Data Quality Reboot Series For Big Data: Part 2 Persistence Vs. Disposable Quality

We last spoke about how to reboot our thinking on master data to provide a more flexible and useful structure when working with big data. In the structured data world, having a model to work from provides comfort. However, there is an element of comfort and control that has to be given up with big data, and that is our definition and the underlying premise for data quality.

Current thinking: Persistence of cleansed data.For years data quality efforts have focused on finding and correcting bad data. We used the word “cleansing” to represent the removal of what we didn’t want, exterminating it like it was an infestation of bugs or rats. Knowing what your data is, what it should look like, and how to transform it into submission defined the data quality handbook. Whole practices were stood up to track data quality issues, establish workflows and teams to clean the data, and then reports were produced to show what was done. Accomplishment was the progress and maintenance of the number of duplicates, complete records, last update, conformance to standards, etc. Our reports may also be tied to our personal goals. Now comes big data — how do we cleanse and tame that beast?

Reboot: Disposability of data quality transformation. The answer to the above question is, maybe you don’t. The nature of big data doesn’t allow itself to traditional data quality practices. The volume may be too large for processing. The volatility and velocity of data change too frequently to manage.
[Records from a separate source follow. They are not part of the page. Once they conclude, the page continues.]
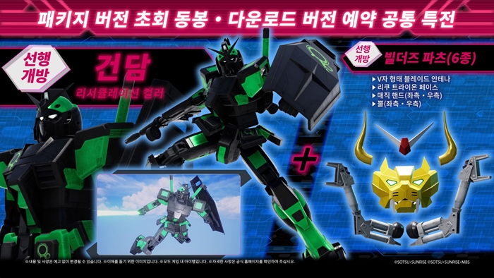 ‘건담 브레이커 4’(한국어판)의 패키지 버전 초회 동봉 및 다운로드 버전 예약 특전으로 '선행 개방 ‘건담(리서큘레이션 컬러)’ & 빌더즈 파츠(6종)'를 증정한다.
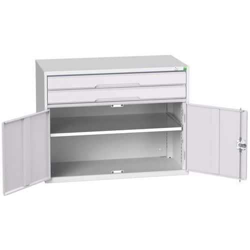 Kovové dílenské skříně Bott Verso se zásuvkami pro efektivní využití v provozech a dílnách.
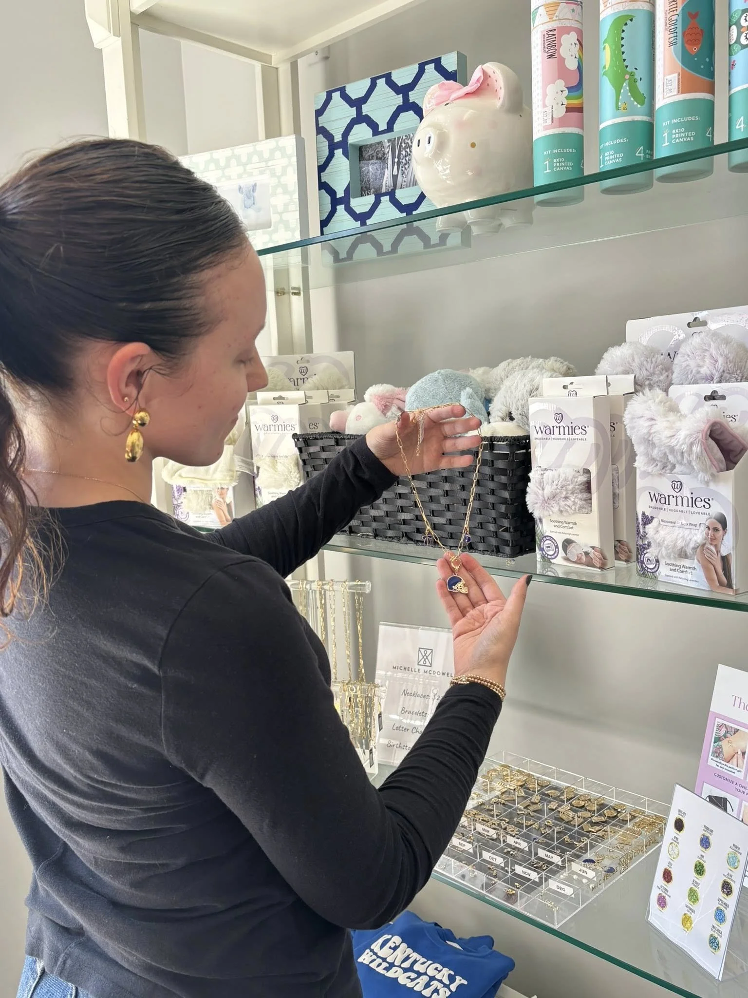 A woman browsing jewelry and plush toys in a gift shop, looking at a necklace with a whale pendant.
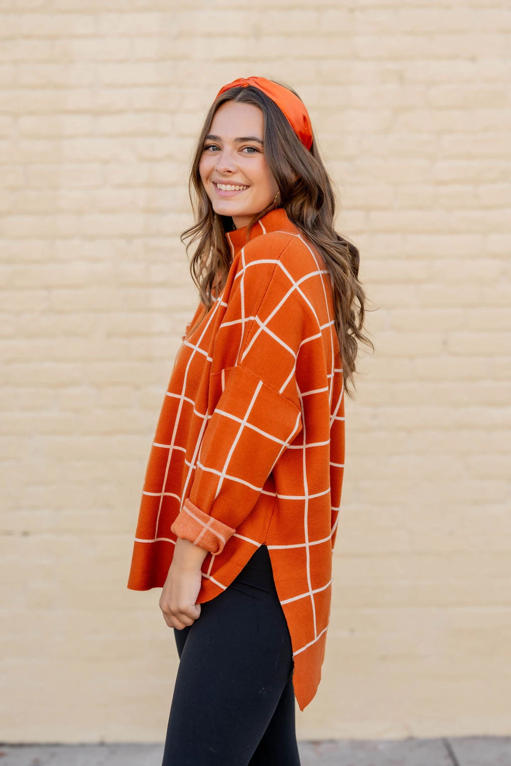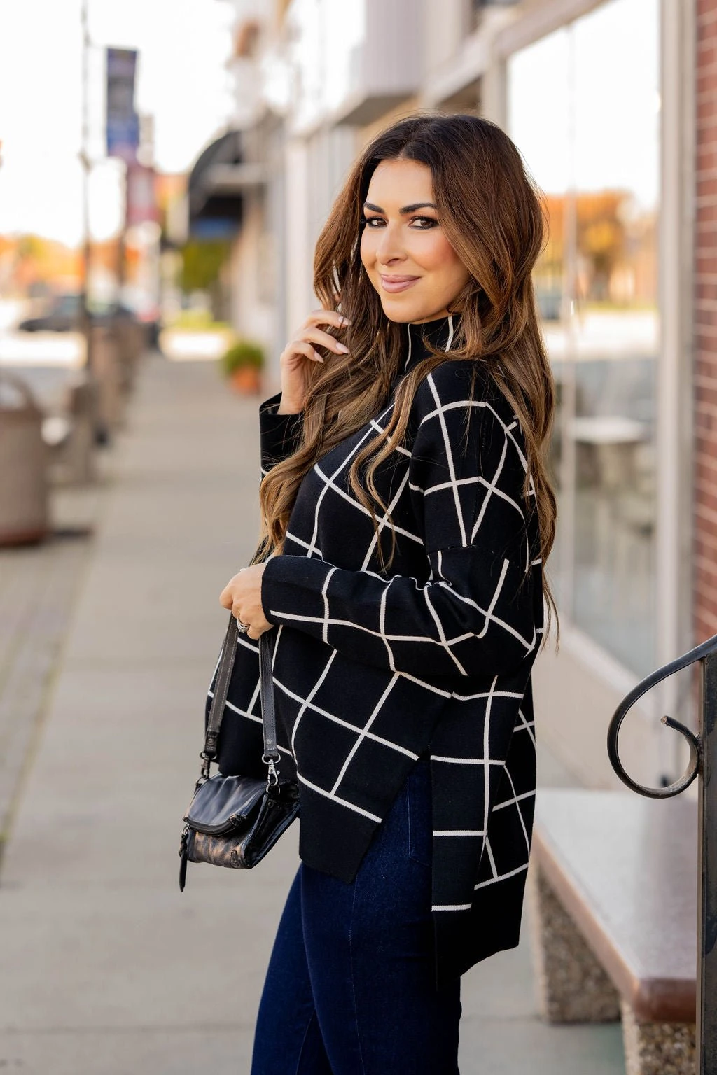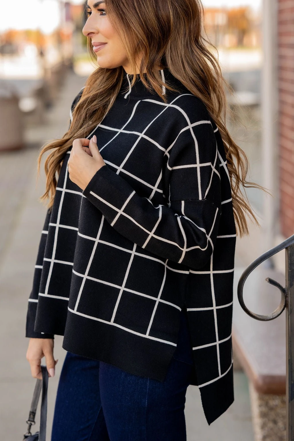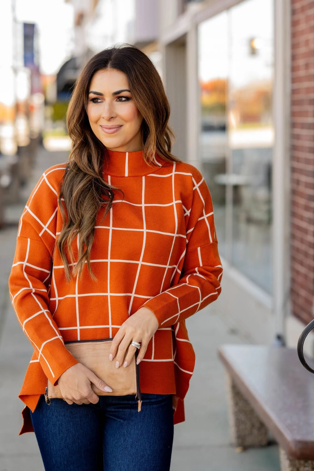 Check out this stylish sweater tee! It is super cute with a wider grid pattern that just pops when you wear it and a mock neck detailing! It is also sure to keep you warm! Not sure what to pair it with? This is one of those versatile tops that can match up with anything from jeans and leggings to skirts it’s shorter front and longer back!

The variety of data, both in scale and visibility, is ambiguous.

Your data quality efforts need to be defined more as profiling and standards versus cleansing. This is better aligned to how big data is managed and processed. While on the surface, big data processing is batch in nature, it would seem obvious to institute data quality rules the way they have always been done. But the answer is to be more service-oriented, invoking data quality rules that provide improved standardization and sourcing during processing versus fundamentally changing the data. In addition, data quality rules are invoked in a customized fashion based on customer service calls from big data processing.

Why this also makes sense is that when you do decide to persist sourced big data into your internal infrastructure, you have pre-aligned the data to existing policies for integration and business rules for improved mapping and cleansing that would need to persist. In essence you treat big data as a reference source, not a primary source. When have you looked to persist your data quality rules on reference data from a third party?

So, think about data quality in the context of supporting preprocessing with Hadoop and MapR through profiling and standards, not cleansing.

Up Next:

Reboot: Data quality and acceptable risk

Comments

Nice thought!

In other words, stop thinking of ETL processes as the only way to assure back end data quality.
One thing to think about is the use of virtualization technology to produce cleansed virtual views of data that reach back to raw big data sets.
Another related thought is the notion of "just in time quality". When you are operating on raw big data sets, I think we should be creating "just in time" quality services capability of doing just enough transformation and cleansing to get to the desired outcome.
Pig script is a great Hadoop-enabled big data transformation language, and I regularly hear about firms using it to cut big data transformation operations by an order of magnitude or more.